Problem details —
Any pictures in the records below must be left out when you repeat the lines from the line containing "人生の最後の一瞬まで自分らし" through the line containing "Внешний аккумулятор 3Cott" exactly.

Data for analysis —

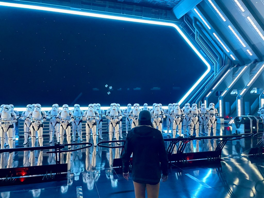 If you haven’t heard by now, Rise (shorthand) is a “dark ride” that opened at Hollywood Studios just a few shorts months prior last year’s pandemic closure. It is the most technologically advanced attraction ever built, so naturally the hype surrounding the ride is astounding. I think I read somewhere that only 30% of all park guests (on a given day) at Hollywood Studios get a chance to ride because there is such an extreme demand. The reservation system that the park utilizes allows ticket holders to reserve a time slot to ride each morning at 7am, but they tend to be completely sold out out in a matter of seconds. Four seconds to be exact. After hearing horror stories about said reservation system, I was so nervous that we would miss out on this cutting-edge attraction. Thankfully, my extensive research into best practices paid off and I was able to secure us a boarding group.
--
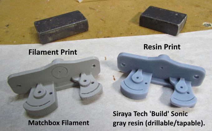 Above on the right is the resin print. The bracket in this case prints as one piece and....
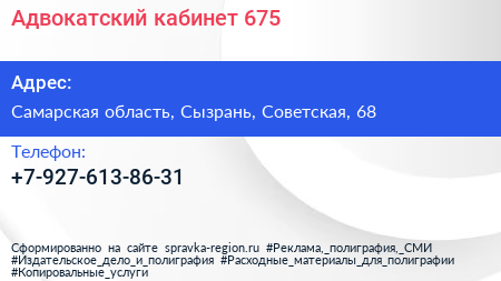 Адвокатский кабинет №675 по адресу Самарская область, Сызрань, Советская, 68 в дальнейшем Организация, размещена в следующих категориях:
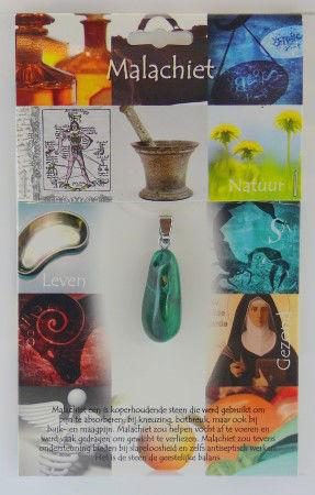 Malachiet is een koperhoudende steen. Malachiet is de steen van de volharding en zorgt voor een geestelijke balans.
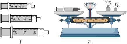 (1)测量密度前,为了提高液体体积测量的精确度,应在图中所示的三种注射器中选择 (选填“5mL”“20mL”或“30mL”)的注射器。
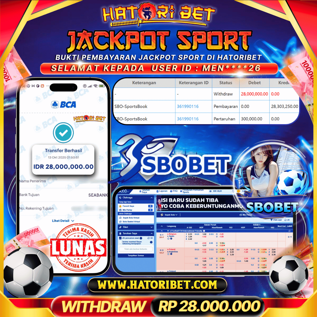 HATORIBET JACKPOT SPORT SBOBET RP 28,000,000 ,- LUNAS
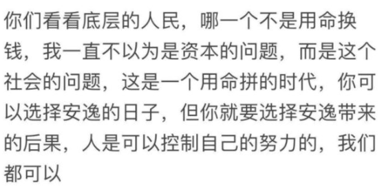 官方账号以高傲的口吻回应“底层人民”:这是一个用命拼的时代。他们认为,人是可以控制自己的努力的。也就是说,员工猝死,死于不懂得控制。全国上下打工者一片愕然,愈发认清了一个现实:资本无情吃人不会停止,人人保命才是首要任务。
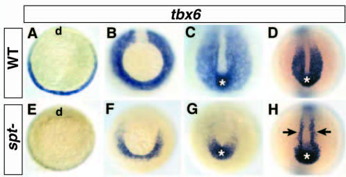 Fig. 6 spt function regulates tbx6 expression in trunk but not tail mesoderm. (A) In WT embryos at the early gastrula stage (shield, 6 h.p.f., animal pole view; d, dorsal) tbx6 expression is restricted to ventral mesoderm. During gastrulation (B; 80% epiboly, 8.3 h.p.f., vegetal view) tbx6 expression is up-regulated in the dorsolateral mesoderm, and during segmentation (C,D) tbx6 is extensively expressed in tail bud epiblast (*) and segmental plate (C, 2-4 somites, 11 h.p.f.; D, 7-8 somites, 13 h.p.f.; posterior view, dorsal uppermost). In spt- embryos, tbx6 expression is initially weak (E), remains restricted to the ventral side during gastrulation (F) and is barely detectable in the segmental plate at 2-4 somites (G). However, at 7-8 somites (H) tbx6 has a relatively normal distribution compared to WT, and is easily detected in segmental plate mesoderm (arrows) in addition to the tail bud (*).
--
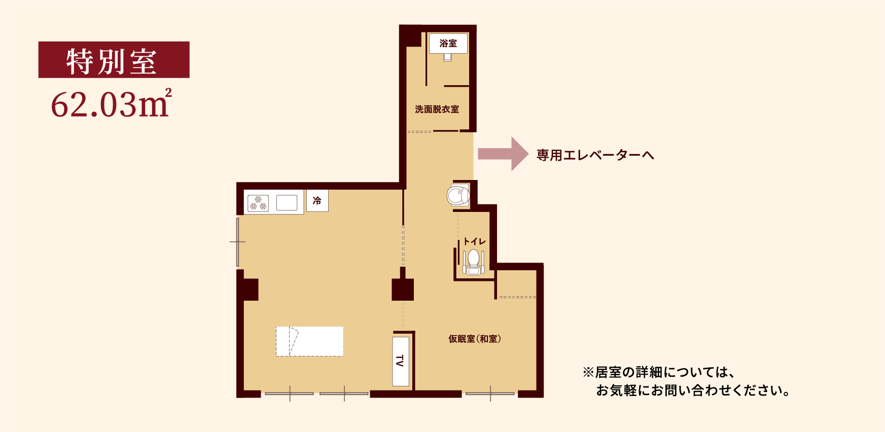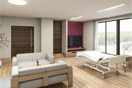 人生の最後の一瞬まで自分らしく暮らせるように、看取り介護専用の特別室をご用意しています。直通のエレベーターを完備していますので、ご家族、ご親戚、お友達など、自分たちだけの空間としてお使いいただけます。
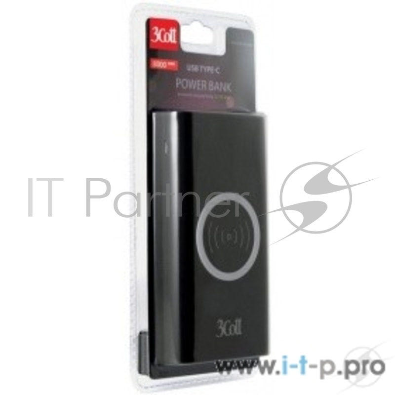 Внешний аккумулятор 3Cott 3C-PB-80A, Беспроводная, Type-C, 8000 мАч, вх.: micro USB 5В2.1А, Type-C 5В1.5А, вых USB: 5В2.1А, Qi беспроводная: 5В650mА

Response —
 人生の最後の一瞬まで自分らしく暮らせるように、看取り介護専用の特別室をご用意しています。直通のエレベーターを完備していますので、ご家族、ご親戚、お友達など、自分たちだけの空間としてお使いいただけます。
 Внешний аккумулятор 3Cott 3C-PB-80A, Беспроводная, Type-C, 8000 мАч, вх.: micro USB 5В2.1А, Type-C 5В1.5А, вых USB: 5В2.1А, Qi беспроводная: 5В650mА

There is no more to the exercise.